5. Audit everything. When something goes wrong — a legitimate user gets blocked, or an attack slips through — the audit log tells you exactly what the baseline was, what the detector saw, and why it made the decision it did. Without that, you're guessing.

Running It Yourself

git clone https://github.com/Trojanhorse7/hng-anomaly-detector
cd hng-anomaly-detector
cp .env.example .env
# Set SLACK_WEBHOOK_URL in .env
docker compose build && docker compose up -d

Nextcloud at http://<VPS_IP>/, dashboard at http://<VPS_IP>:8080/.
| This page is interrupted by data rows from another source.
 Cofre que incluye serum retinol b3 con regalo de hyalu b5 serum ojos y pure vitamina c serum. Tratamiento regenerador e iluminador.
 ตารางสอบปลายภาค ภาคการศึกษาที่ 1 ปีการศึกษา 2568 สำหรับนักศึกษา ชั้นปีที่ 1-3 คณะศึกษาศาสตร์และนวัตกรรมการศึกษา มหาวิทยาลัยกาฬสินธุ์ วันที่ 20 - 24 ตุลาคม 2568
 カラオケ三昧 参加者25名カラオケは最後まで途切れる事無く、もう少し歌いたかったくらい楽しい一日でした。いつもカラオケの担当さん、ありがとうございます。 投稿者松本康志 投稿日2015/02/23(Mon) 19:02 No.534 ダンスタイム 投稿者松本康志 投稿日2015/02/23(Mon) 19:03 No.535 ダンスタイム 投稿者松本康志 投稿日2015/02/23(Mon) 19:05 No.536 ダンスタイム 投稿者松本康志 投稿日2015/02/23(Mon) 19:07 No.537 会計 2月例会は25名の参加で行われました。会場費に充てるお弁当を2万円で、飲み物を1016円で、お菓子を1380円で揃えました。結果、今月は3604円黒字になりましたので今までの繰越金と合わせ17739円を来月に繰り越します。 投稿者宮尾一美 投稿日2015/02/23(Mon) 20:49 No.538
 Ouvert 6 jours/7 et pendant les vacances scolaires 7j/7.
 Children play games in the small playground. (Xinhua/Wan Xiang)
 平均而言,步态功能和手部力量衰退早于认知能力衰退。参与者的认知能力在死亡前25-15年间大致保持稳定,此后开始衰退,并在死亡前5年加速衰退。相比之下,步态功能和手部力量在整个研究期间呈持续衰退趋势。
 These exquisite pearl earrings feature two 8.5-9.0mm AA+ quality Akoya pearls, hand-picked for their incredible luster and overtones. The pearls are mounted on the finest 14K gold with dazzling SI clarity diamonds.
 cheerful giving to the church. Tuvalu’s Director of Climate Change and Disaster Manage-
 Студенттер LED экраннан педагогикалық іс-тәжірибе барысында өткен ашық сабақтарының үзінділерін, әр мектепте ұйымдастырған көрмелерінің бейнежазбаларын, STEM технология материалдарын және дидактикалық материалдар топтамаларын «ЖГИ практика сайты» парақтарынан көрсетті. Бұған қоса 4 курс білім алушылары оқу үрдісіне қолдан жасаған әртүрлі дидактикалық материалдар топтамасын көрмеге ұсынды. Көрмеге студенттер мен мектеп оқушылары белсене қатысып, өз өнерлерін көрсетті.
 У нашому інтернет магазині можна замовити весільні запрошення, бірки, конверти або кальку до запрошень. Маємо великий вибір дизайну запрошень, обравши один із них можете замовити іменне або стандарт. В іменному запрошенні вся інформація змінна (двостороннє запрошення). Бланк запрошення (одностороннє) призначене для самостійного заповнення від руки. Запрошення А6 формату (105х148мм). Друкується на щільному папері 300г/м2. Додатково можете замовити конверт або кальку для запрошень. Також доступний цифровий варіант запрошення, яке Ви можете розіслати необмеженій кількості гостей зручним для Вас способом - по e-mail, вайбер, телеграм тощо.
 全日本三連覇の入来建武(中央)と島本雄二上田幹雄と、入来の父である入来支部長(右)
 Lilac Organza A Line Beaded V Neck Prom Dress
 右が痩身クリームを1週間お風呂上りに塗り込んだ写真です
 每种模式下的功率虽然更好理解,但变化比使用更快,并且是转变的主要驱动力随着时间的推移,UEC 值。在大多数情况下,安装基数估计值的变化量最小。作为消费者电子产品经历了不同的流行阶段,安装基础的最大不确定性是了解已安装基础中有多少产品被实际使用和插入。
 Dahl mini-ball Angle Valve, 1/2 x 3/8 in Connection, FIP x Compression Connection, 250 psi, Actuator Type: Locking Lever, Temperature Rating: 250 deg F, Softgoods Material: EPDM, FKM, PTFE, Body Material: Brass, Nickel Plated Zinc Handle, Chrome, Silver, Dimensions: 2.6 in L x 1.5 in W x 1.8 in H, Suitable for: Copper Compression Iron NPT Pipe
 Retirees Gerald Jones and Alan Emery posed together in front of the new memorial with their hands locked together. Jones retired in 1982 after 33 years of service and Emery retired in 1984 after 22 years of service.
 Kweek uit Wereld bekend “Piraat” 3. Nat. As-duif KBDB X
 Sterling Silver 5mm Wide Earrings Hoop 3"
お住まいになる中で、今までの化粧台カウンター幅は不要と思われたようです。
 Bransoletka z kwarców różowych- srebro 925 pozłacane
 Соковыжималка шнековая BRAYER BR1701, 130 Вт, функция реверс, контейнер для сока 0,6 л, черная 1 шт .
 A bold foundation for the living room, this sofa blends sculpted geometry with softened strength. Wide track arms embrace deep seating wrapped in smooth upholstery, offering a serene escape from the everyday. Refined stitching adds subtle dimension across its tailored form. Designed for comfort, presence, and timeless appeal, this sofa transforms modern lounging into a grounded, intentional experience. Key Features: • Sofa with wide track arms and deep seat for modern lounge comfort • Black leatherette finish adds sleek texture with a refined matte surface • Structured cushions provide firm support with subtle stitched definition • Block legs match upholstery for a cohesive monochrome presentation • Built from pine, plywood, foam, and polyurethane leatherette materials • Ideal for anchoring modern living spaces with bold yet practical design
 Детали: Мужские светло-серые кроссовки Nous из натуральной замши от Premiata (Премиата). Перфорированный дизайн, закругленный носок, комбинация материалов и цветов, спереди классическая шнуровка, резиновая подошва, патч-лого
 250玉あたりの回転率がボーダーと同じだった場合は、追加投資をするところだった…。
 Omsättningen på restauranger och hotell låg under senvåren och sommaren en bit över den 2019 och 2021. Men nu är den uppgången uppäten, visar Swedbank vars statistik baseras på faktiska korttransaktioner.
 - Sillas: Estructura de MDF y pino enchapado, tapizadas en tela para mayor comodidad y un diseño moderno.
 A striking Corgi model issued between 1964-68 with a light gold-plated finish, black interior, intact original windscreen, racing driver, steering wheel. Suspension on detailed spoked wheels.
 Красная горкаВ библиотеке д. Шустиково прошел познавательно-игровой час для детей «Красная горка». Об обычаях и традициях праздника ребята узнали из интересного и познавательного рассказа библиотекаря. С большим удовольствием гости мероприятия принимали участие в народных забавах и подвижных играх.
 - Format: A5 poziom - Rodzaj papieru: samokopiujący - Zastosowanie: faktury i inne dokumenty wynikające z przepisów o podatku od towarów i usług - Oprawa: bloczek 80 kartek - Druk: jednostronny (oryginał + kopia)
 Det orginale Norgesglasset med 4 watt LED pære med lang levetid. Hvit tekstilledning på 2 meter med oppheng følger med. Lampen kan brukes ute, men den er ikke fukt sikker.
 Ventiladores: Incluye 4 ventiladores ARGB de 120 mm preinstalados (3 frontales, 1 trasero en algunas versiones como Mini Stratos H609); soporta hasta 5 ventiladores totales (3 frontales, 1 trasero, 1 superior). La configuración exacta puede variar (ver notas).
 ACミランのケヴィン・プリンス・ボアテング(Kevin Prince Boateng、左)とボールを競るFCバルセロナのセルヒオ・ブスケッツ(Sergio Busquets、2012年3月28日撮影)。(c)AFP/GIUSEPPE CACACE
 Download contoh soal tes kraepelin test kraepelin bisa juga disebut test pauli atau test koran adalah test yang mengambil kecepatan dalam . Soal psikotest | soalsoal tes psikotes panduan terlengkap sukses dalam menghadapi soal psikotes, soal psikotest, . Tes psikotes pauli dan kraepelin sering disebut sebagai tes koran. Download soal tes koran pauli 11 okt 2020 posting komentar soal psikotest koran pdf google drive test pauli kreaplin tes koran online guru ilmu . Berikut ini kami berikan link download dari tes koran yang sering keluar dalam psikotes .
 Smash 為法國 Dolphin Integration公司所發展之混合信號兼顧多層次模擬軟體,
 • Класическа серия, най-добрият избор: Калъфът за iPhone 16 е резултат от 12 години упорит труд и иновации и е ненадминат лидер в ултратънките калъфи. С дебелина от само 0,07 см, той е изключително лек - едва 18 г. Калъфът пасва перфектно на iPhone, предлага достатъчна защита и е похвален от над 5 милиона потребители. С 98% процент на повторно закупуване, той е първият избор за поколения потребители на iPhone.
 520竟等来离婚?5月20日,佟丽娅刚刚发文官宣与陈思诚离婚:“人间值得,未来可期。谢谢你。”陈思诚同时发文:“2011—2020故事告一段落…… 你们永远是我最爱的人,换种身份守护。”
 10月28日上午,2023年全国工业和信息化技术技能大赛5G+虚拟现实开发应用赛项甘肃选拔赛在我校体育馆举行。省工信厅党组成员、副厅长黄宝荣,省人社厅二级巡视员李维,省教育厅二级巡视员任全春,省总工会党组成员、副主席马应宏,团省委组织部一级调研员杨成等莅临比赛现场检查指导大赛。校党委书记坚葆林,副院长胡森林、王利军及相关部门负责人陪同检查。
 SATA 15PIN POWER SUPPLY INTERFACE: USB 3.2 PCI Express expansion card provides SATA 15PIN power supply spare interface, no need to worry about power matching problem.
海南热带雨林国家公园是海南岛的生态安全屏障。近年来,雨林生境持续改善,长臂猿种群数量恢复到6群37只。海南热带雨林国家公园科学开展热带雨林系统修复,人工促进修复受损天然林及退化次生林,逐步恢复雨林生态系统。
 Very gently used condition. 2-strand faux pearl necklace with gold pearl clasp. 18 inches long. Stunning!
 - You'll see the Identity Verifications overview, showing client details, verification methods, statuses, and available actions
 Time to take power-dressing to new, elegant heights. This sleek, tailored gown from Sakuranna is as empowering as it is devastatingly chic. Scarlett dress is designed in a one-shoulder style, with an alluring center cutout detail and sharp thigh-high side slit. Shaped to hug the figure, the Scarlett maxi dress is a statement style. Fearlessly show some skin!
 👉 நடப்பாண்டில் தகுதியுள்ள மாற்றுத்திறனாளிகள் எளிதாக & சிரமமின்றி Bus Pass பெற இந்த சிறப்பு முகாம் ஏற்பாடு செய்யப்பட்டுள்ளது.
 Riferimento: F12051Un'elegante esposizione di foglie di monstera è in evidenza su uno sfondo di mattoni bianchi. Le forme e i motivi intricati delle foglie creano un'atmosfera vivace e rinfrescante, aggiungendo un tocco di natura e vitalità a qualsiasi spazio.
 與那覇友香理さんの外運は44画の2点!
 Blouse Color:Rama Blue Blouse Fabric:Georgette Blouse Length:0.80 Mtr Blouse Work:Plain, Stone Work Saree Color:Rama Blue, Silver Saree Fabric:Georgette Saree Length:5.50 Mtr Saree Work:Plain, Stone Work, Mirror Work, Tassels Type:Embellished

Thresholds, window sizes, and ban durations are all in detector/config.yaml — no code changes needed to tune the system.

What I'd Improve

Per-IP baselines — currently all IPs are compared against the global baseline. High-traffic legitimate IPs (like a CDN edge) could benefit from their own rolling stats.
HTTPS on the dashboard — right now it's plain HTTP on 8080. A reverse proxy with TLS would be better for production.
Prometheus/Grafana — the audit log works, but a proper time-series database would make baseline visualization trivial.
IPv6 — the current implementation only handles IPv4 in iptables rules.

Built for the HNG DevOps track. The full source is at github.com/Trojanhorse7/hng-anomaly-detector.